§ About this task: Reproduce the lines of the material exactly, excluding every image.

§ Data:
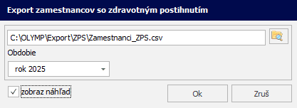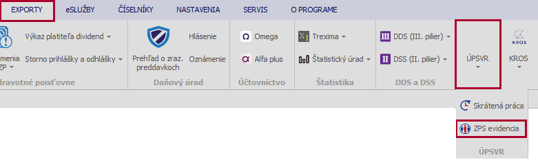V programe Mzdy a personalistika OLYMP je zapracovaný export zamestnancov so zdravotným postihnutím vo formáte csv., ktorý nájdete v menu Exporty – ÚPSVAR – ZPS Evidencia.
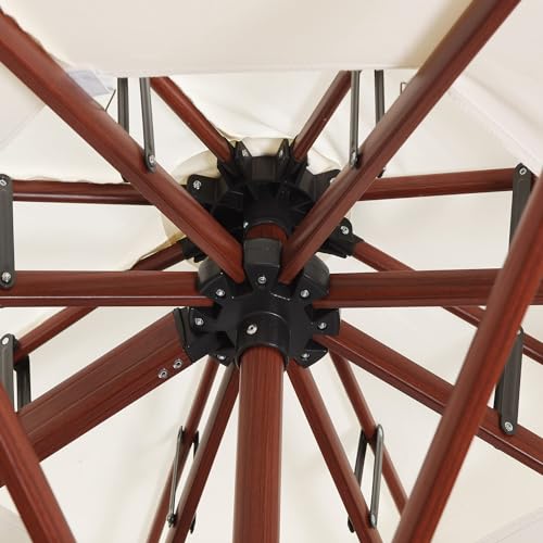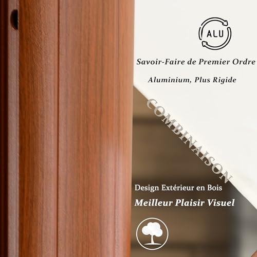 Le mât et les 8 nervures en aluminium sont recouverts d’une peinture antioxydante couleur teck, offrant un aspect naturel et empêchant la rouille, ce qui les rend plus légers et durables
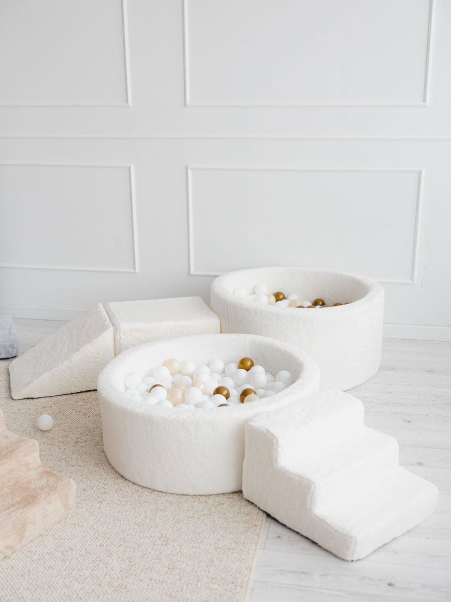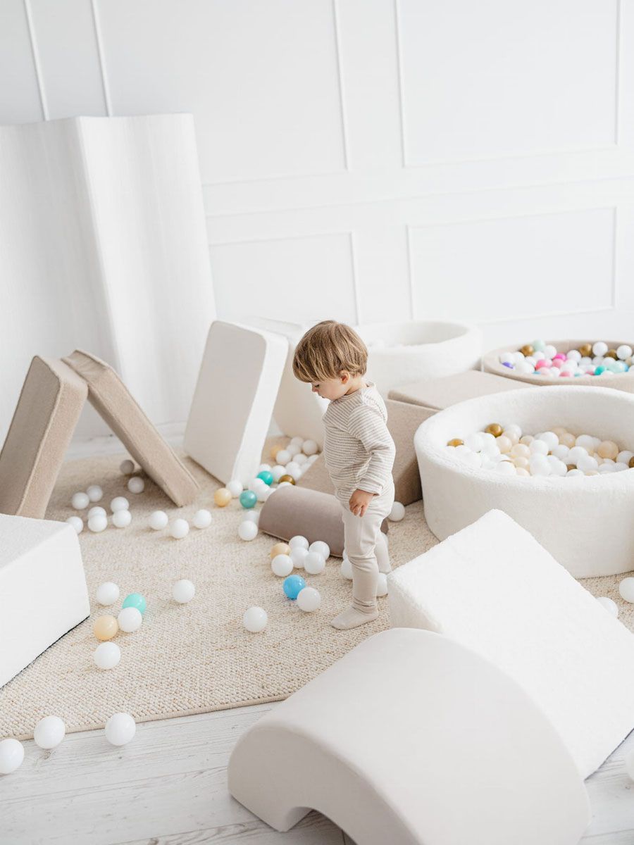 Det vadderade bollhav och leksetet – Nallebjörn Ecru är den perfekta lösningen för ett hem som värdesätter mjuka material, säkerhet och utvecklande lek.
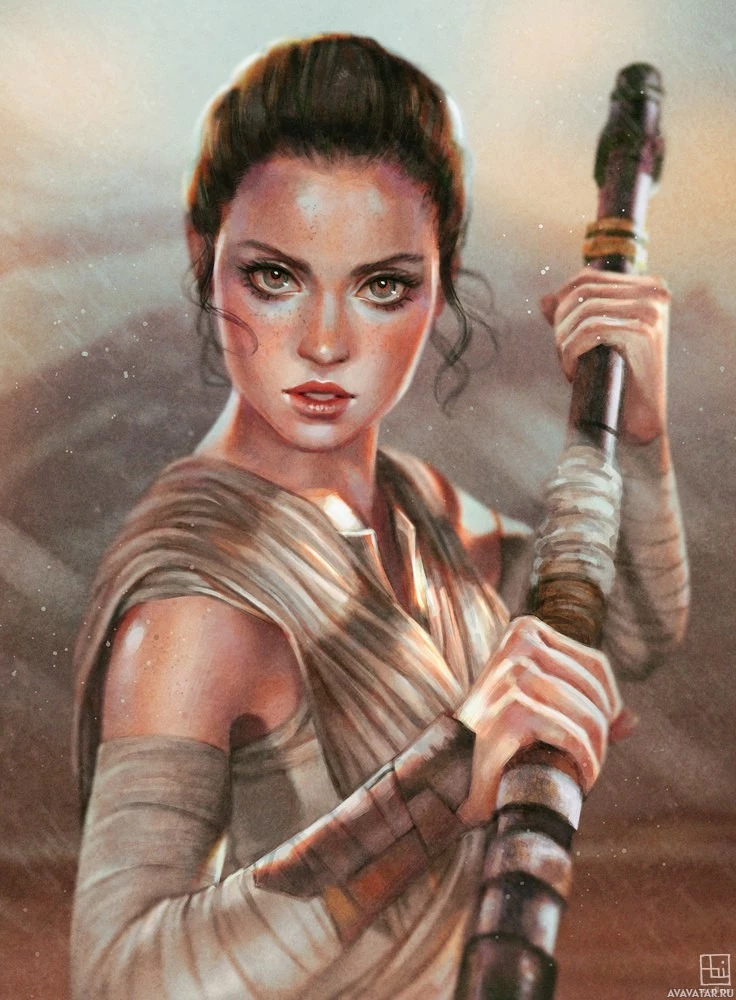 На картинке изображен персонаж, известный как Рей из франшизы «Звездные войны». Она изображена с сфокусированным и решительным выражением, держа в правой руке то, что кажется световым мечом. Ее одежда напоминает одежду воина-джедая или ситха, что говорит о том, что она является частью более широкого повествования, включающего эти мощные силы во вселенной Звездных войн.

§ Expected answer:
V programe Mzdy a personalistika OLYMP je zapracovaný export zamestnancov so zdravotným postihnutím vo formáte csv., ktorý nájdete v menu Exporty – ÚPSVAR – ZPS Evidencia.
 Le mât et les 8 nervures en aluminium sont recouverts d’une peinture antioxydante couleur teck, offrant un aspect naturel et empêchant la rouille, ce qui les rend plus légers et durables
 Det vadderade bollhav och leksetet – Nallebjörn Ecru är den perfekta lösningen för ett hem som värdesätter mjuka material, säkerhet och utvecklande lek.
 На картинке изображен персонаж, известный как Рей из франшизы «Звездные войны». Она изображена с сфокусированным и решительным выражением, держа в правой руке то, что кажется световым мечом. Ее одежда напоминает одежду воина-джедая или ситха, что говорит о том, что она является частью более широкого повествования, включающего эти мощные силы во вселенной Звездных войн.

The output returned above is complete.